**WHAT THE EXERCISE ASKS**
Write out nothing but the lines from the first line of the entries below through the line with "A seguire, vista"; no pictures go in.

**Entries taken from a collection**
|---|

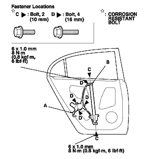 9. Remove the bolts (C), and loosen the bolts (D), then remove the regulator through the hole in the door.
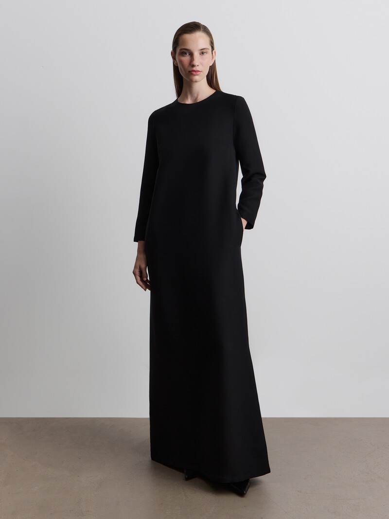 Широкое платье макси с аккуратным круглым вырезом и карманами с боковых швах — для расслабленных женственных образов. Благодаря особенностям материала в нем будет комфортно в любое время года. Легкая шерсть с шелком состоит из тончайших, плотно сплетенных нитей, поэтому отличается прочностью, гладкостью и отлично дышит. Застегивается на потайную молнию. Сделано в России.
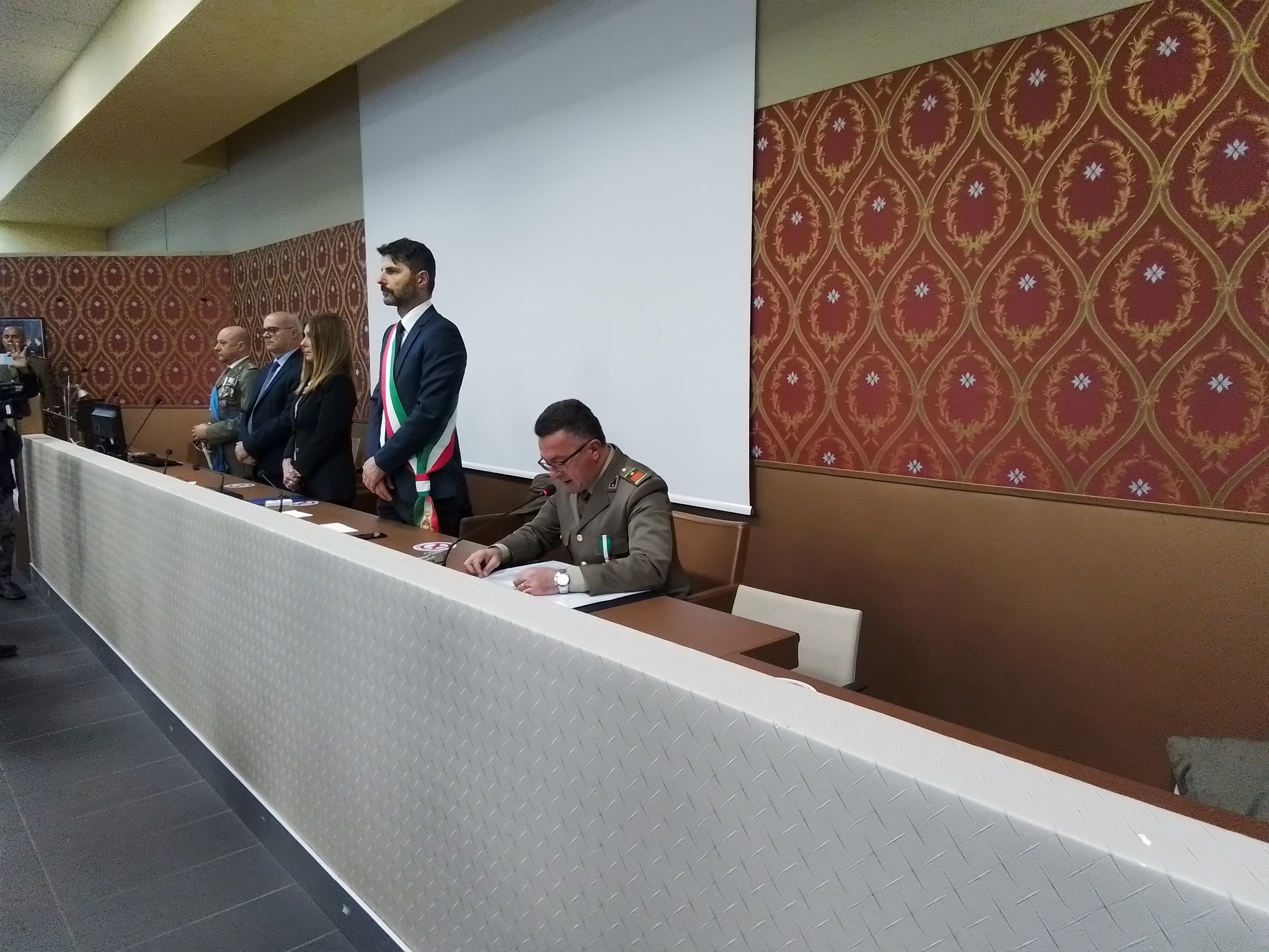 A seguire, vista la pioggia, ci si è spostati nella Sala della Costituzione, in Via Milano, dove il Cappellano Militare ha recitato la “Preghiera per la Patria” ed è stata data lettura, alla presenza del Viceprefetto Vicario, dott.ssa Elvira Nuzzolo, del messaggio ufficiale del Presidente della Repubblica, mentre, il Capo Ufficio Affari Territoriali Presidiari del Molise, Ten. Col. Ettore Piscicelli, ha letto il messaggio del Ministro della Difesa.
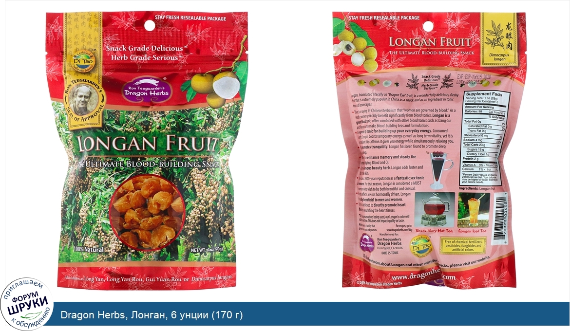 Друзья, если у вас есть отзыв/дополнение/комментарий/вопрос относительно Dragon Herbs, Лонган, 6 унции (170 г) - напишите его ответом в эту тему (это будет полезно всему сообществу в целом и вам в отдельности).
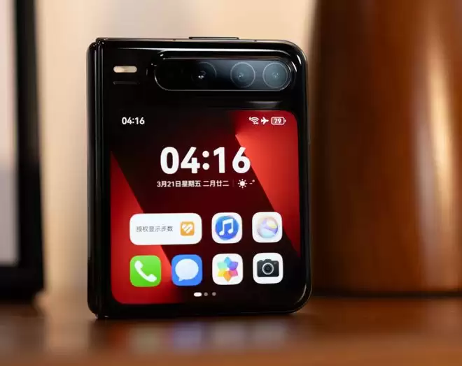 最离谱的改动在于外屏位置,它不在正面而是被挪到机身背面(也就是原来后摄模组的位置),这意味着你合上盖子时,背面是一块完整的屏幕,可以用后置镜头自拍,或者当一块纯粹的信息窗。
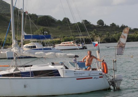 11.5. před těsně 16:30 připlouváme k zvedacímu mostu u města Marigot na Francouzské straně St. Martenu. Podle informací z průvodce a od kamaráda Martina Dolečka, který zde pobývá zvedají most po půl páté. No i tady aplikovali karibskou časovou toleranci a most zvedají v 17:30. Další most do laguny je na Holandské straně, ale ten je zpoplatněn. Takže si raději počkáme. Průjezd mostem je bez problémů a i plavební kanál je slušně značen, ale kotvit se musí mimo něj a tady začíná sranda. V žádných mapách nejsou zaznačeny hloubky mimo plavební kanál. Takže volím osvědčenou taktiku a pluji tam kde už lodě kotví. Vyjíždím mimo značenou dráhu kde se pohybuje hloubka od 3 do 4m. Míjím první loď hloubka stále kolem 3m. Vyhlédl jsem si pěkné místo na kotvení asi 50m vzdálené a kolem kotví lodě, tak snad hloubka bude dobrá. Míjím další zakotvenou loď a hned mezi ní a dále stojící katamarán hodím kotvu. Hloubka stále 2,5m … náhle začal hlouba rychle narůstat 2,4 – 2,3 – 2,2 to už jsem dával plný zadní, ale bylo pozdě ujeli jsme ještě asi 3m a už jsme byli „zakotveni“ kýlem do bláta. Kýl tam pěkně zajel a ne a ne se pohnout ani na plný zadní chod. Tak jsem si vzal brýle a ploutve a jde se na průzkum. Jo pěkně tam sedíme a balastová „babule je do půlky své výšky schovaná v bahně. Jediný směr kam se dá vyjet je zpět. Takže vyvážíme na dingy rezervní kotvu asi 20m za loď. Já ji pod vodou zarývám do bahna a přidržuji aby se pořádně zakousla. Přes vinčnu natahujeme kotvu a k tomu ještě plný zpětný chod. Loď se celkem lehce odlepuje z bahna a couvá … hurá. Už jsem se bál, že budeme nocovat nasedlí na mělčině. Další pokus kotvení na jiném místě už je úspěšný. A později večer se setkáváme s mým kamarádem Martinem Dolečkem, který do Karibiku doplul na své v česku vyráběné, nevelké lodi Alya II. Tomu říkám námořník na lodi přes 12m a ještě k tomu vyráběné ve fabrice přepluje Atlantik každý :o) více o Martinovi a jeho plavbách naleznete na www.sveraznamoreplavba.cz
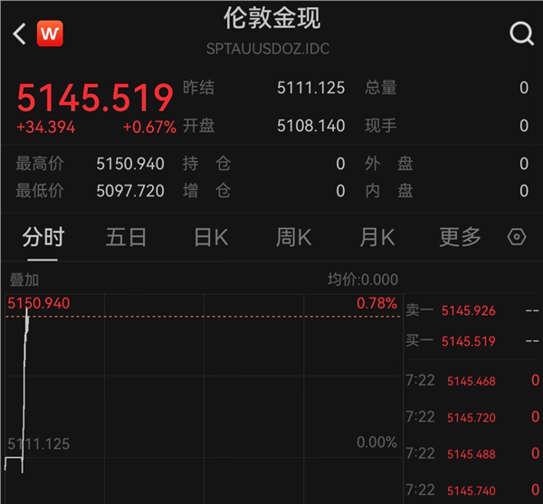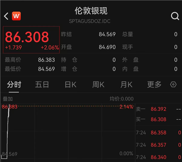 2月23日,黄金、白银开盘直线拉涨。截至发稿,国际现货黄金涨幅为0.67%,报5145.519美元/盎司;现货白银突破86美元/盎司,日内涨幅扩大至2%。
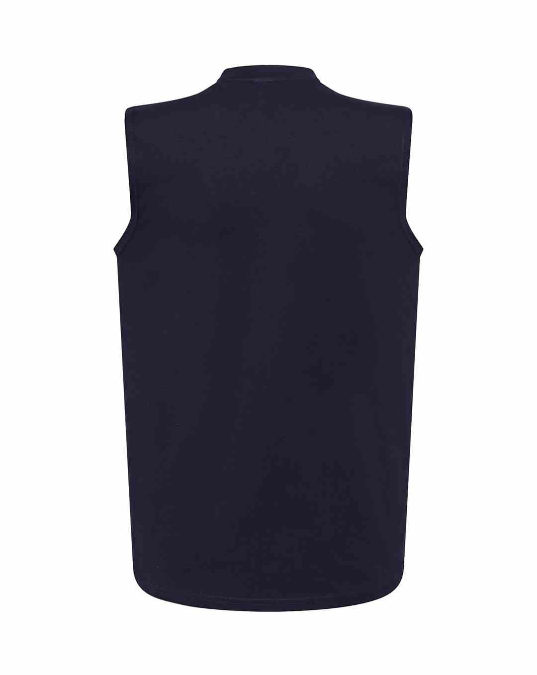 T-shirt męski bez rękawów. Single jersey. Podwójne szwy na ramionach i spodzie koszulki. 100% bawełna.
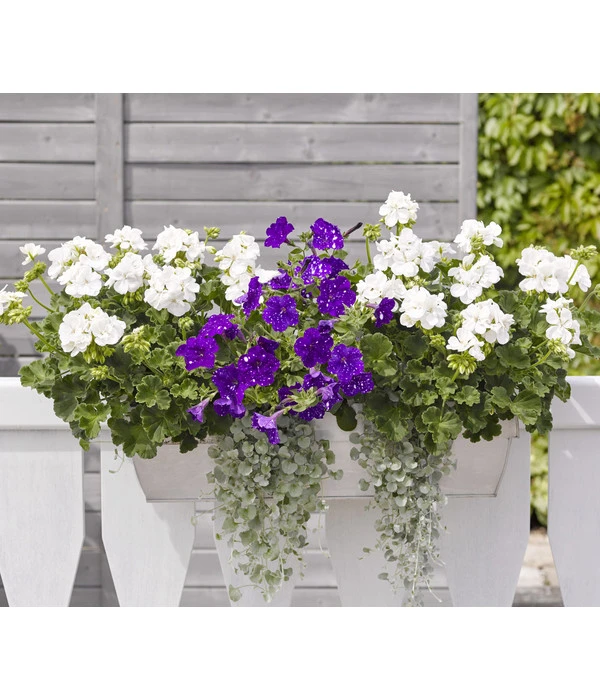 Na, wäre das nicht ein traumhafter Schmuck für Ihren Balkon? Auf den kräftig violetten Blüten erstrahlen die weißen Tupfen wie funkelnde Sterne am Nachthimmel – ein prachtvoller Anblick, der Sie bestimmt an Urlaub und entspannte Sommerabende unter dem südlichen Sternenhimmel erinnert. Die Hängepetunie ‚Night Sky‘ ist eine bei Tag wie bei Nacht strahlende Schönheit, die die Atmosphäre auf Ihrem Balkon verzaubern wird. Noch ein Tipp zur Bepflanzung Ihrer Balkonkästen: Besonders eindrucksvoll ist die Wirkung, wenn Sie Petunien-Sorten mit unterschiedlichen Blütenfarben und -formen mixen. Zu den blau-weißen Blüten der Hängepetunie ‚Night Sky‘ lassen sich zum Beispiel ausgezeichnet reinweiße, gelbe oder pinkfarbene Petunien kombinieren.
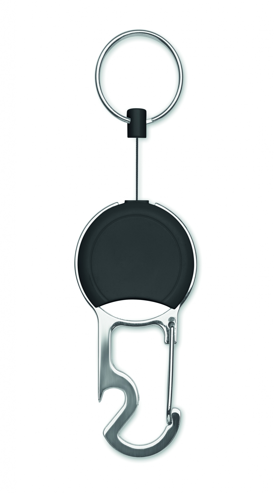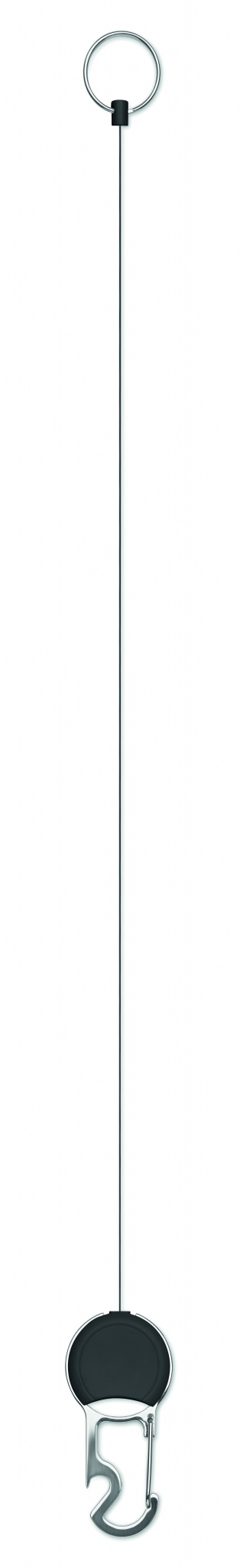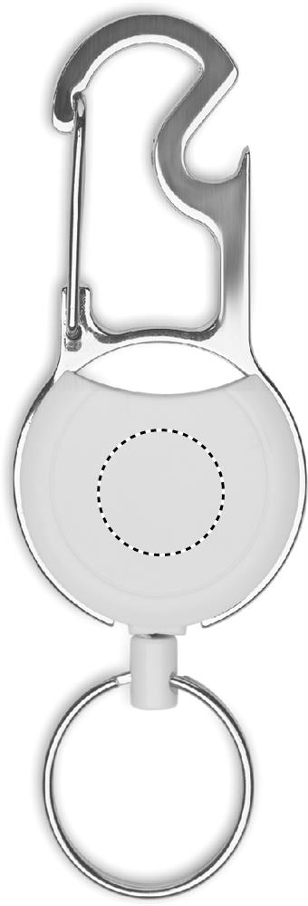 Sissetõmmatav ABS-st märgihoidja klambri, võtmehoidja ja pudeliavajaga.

|---|

**TASK RESULT**
 9. Remove the bolts (C), and loosen the bolts (D), then remove the regulator through the hole in the door.
 Широкое платье макси с аккуратным круглым вырезом и карманами с боковых швах — для расслабленных женственных образов. Благодаря особенностям материала в нем будет комфортно в любое время года. Легкая шерсть с шелком состоит из тончайших, плотно сплетенных нитей, поэтому отличается прочностью, гладкостью и отлично дышит. Застегивается на потайную молнию. Сделано в России.
 A seguire, vista la pioggia, ci si è spostati nella Sala della Costituzione, in Via Milano, dove il Cappellano Militare ha recitato la “Preghiera per la Patria” ed è stata data lettura, alla presenza del Viceprefetto Vicario, dott.ssa Elvira Nuzzolo, del messaggio ufficiale del Presidente della Repubblica, mentre, il Capo Ufficio Affari Territoriali Presidiari del Molise, Ten. Col. Ettore Piscicelli, ha letto il messaggio del Ministro della Difesa.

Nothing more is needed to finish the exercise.